Characterization of the major autolysin (AtlC) of Staphylococcus carnosus

Maximilian Merz; Carolin J Schiffer; Andreas Klingl; Matthias A Ehrmann

doi:10.1186/s12866-024-03231-6

Characterization of the major autolysin (AtlC) of Staphylococcus carnosus

BMC Microbiol. 2024 Mar 8;24(1):77. doi: 10.1186/s12866-024-03231-6.

Authors

Maximilian Merz¹, Carolin J Schiffer¹, Andreas Klingl², Matthias A Ehrmann³

Affiliations

¹ Chair of Microbiology, Technical University of Munich, Gregor-Mendel-Straße 4, 85354, Freising, Germany.
² Plant Development, Department Biology I - Botany, Ludwig-Maximilians-Universität München, Großhaderner Str. 2-4, 82152, Planegg-Martinsried, Germany.
³ Chair of Microbiology, Technical University of Munich, Gregor-Mendel-Straße 4, 85354, Freising, Germany. matthias.ehrmann@tum.de.

Abstract

Background: Autolysis by cellular peptidoglycan hydrolases (PGH) is a well-known phenomenon in bacteria. During food fermentation, autolysis of starter cultures can exert an accelerating effect, as described in many studies on cheese ripening. In contrast, very little is known about autolysis of starter cultures used in other fermentations.
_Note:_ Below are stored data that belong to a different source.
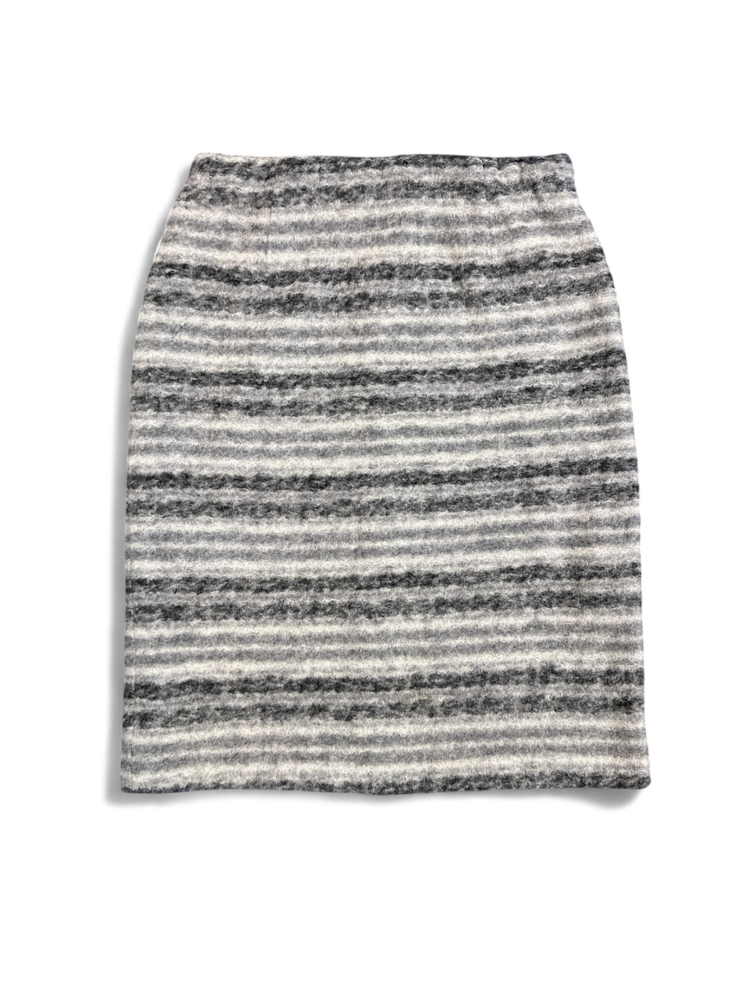 울 혼방 소재로 제작된 그레이 스트라이프 스커트입니다.
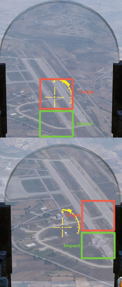 https://youtu.be/Bt8NH3DuHQ0 [^] In general it is always like this with SU-25 (A-10 and other aircraft are fine). Same with bombs, they also go below crosshair. |
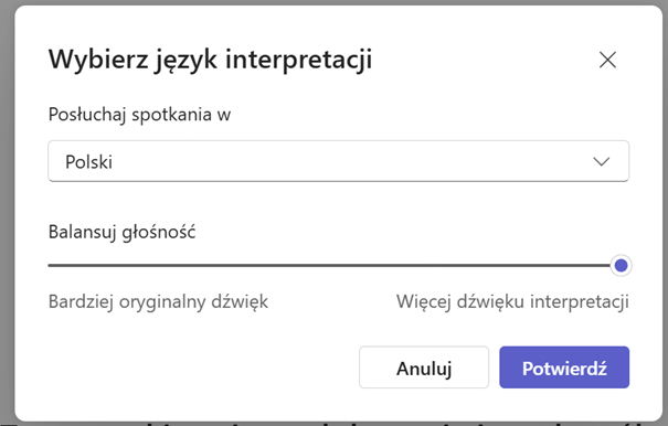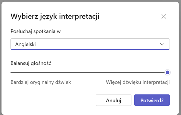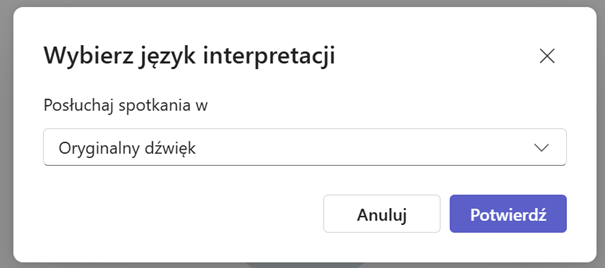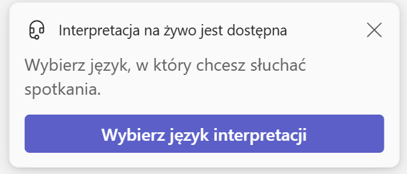 - Gdy klikniesz link, który łączy uczestnika z konferencją, wyświetli się okno z komunikatem: „Interpretacja na żywo jest dostępna. Wybierz język, w którym chcesz słuchać spotkania” oraz przycisk: „Wybierz język interpretacji”.
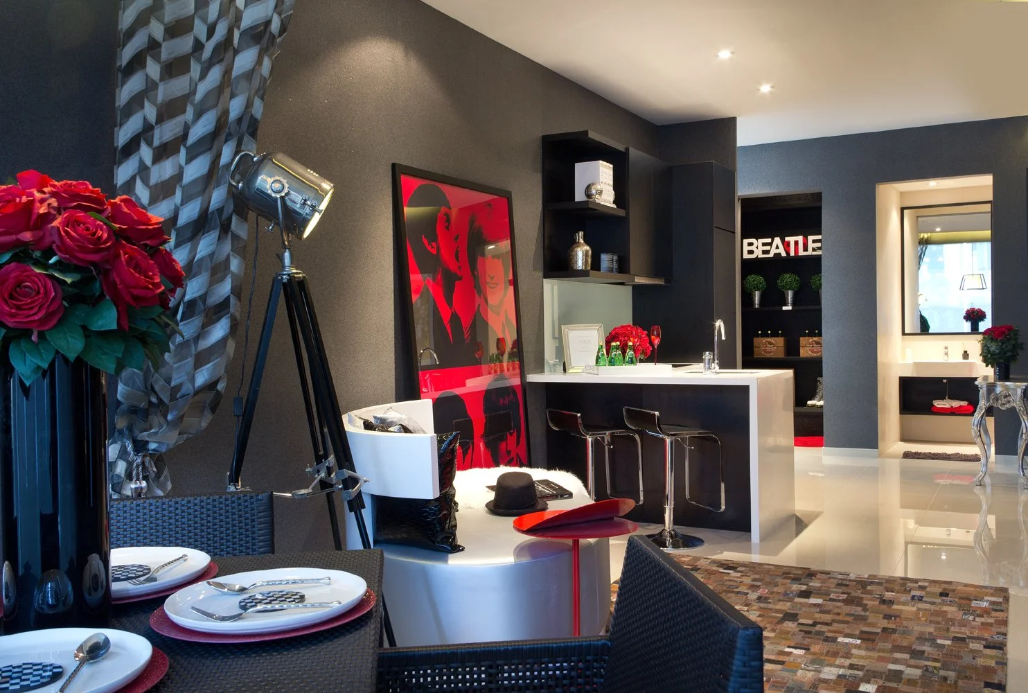 The designer's thoughtsThe intention was to let personality lead the space. So rather than hold back because of the size, we leant into it—treating the home almost like a gallery. The walls became a canvas for oversized posters and bold pop art pieces, allowing the art to define the atmosphere from the moment you step in.

Staphylococcus (S.) carnosus is often used in raw sausage fermentations, contributing to nitrate reduction and flavor formation. In this study, we analyzed the influence of PGHs of the strains S. carnosus TMW 2.146 and S. carnosus TMW 2.2525 on their autolytic behavior. The staphylococcal major autolysin (Atl), a bifunctional enzyme with an N-acetylmuramoyl-L-alanine amidase and a glucosaminidase as an active site, is assumed to be the enzyme by which autolysis is mainly mediated.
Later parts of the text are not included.